New Fed Debit Rule Does Not Resolve Fraud Debate
WASHINGTON – Contrary to expectations, the Federal Reserve Board’s draft report on debit interchange did not resolve the debate on the cost of fraud in card payments.
Many in the industry predicted the report would say how much of the cost of interchange banks could justify as necessary in the fight against fraud. Even though the Fed proposed an interchange rate, it made clear that fraud has not been fully addressed in its proposal, noted American Banker, an affiliate of Credit Union Journal.
In the report, released Dec. 16, the Fed set two categories that would give bankers room to adjust the interchange they charge for fraud. The first would be for deploying specific forms of security technology. The second, a more vague allowance, would let banks recover costs related to fraud prevention and debit cards. Here, the Fed referred to a “more general standard,” such as taking steps “reasonably necessary to maintain an effective fraud-prevention program but not prescribe specific technologies that must be employed as part of the program.”
American Banker reported that buried in the draft report is a fairly in-depth account of what the Fed says it thinks are the true costs of fraud. For example, it says issuers “reported that total signature and PIN debit card fraud losses to all parties averaged 13.1 and 3.5 basis points, respectively.” The report goes on to say that issuers and merchants bore 55% and 45% of signature debit fraud losses, respectively.
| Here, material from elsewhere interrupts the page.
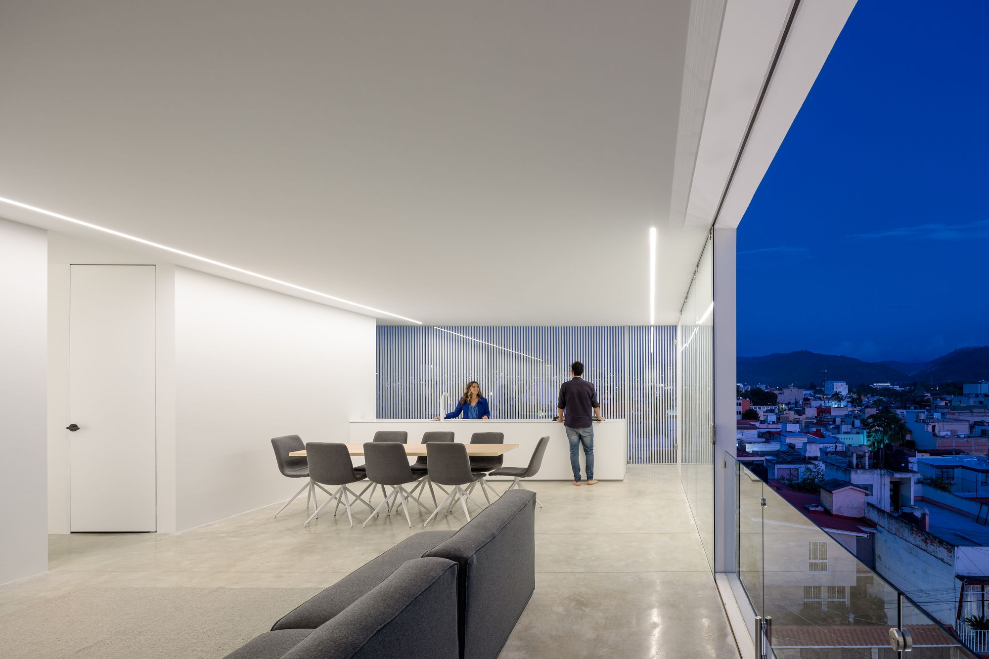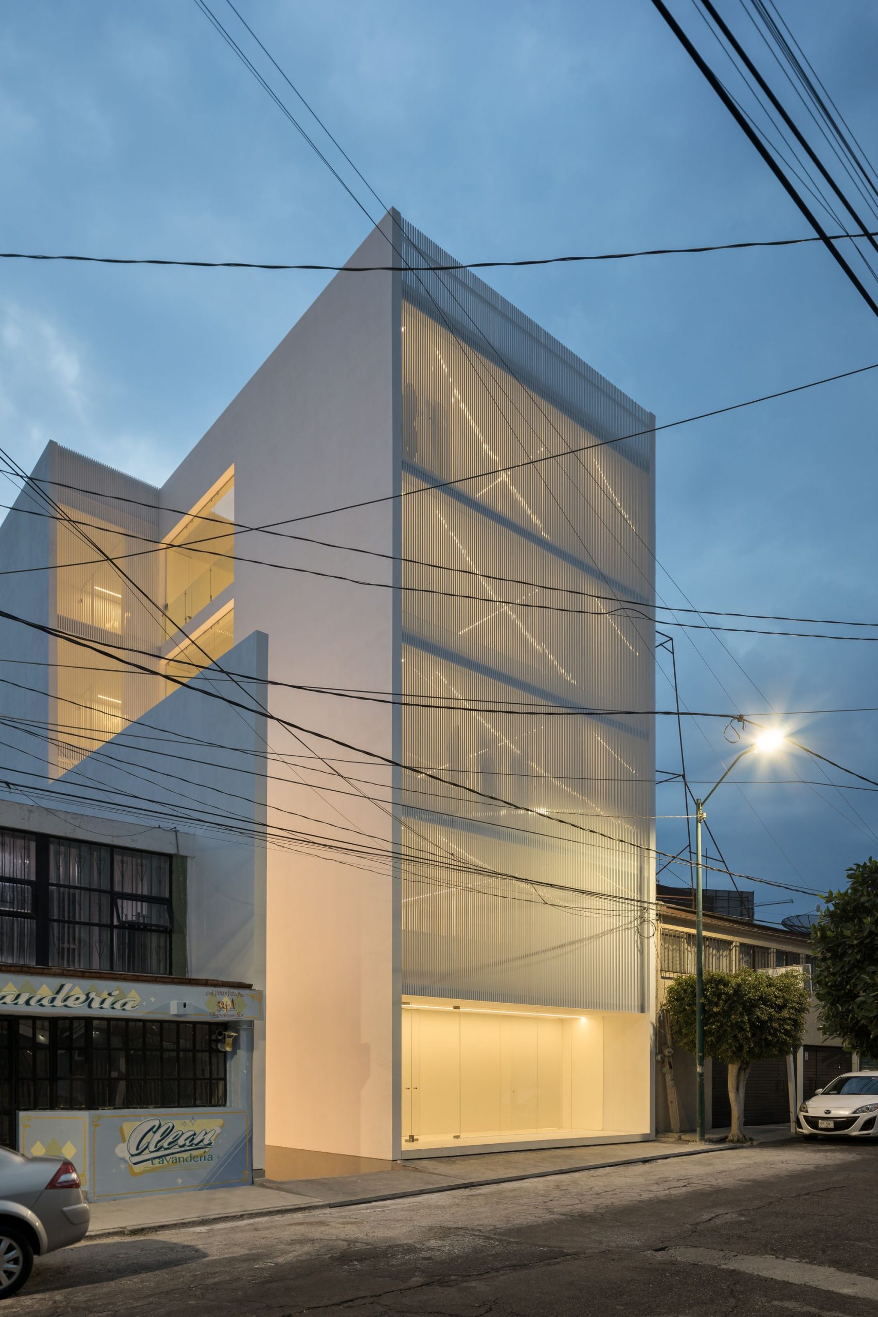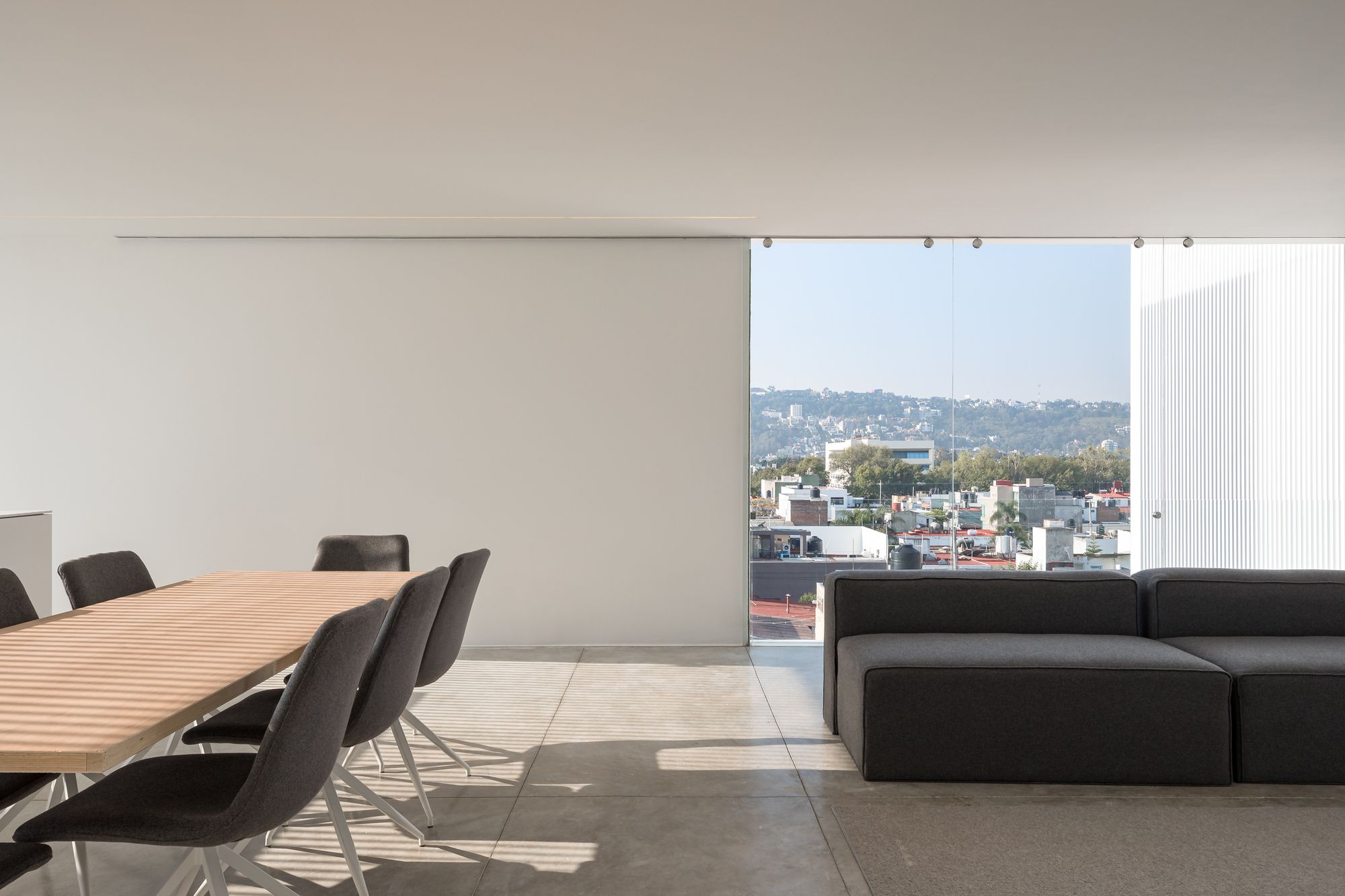 The orientation of the facade towards the east generated sunshine issues in the morning. For that reason, and because of the lack of nice views towards the street, we proposed an aluminum shutter that allowed a dimmed light through in the morning and diffused the views from the inside to the outside and back.

However, in a board of governors meeting held Dec. 16, the governors acknowledged that they would not have a final ruling on fraud costs until after the comment period, and most likely they would have to rule separately on fraud, after the final rule on debit interchange is issued in April.
The Fed set a safe harbor floor on interchange of 7 cents per transaction; the total amount of interchange could rise to as high as 12 cents when accounting for various costs related to running the payments network.